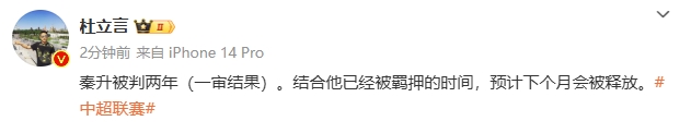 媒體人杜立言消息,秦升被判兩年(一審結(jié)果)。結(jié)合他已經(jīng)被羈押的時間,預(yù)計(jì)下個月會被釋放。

----------

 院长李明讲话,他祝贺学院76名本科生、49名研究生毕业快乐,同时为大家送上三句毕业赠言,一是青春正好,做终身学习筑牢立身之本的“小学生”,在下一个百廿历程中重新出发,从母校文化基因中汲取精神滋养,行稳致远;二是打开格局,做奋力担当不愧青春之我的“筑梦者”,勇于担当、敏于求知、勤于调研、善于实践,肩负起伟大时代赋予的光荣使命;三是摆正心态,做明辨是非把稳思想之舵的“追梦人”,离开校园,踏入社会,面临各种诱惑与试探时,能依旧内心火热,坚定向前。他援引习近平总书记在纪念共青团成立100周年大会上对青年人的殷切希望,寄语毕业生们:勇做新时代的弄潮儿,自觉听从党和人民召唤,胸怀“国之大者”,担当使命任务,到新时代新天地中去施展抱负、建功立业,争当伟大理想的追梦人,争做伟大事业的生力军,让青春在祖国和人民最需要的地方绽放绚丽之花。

----------

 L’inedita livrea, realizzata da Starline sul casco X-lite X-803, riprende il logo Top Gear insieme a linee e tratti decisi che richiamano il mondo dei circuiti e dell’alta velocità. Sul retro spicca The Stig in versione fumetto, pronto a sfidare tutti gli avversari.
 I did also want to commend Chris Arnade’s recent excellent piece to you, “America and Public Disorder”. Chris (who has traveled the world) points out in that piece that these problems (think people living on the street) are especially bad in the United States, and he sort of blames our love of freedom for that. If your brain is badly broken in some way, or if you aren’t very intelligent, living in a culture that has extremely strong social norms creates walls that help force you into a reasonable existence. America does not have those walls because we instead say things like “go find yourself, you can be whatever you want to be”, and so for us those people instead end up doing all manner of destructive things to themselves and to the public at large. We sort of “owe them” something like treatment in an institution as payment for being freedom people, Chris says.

----------

* YOUR TASK: Exactly the lines above from the one with "L’inedita livrea, realizzata" to the one with "I did also want", both included, are to be quoted; leave the rest out.

* REPLY:
 L’inedita livrea, realizzata da Starline sul casco X-lite X-803, riprende il logo Top Gear insieme a linee e tratti decisi che richiamano il mondo dei circuiti e dell’alta velocità. Sul retro spicca The Stig in versione fumetto, pronto a sfidare tutti gli avversari.
 I did also want to commend Chris Arnade’s recent excellent piece to you, “America and Public Disorder”. Chris (who has traveled the world) points out in that piece that these problems (think people living on the street) are especially bad in the United States, and he sort of blames our love of freedom for that. If your brain is badly broken in some way, or if you aren’t very intelligent, living in a culture that has extremely strong social norms creates walls that help force you into a reasonable existence. America does not have those walls because we instead say things like “go find yourself, you can be whatever you want to be”, and so for us those people instead end up doing all manner of destructive things to themselves and to the public at large. We sort of “owe them” something like treatment in an institution as payment for being freedom people, Chris says.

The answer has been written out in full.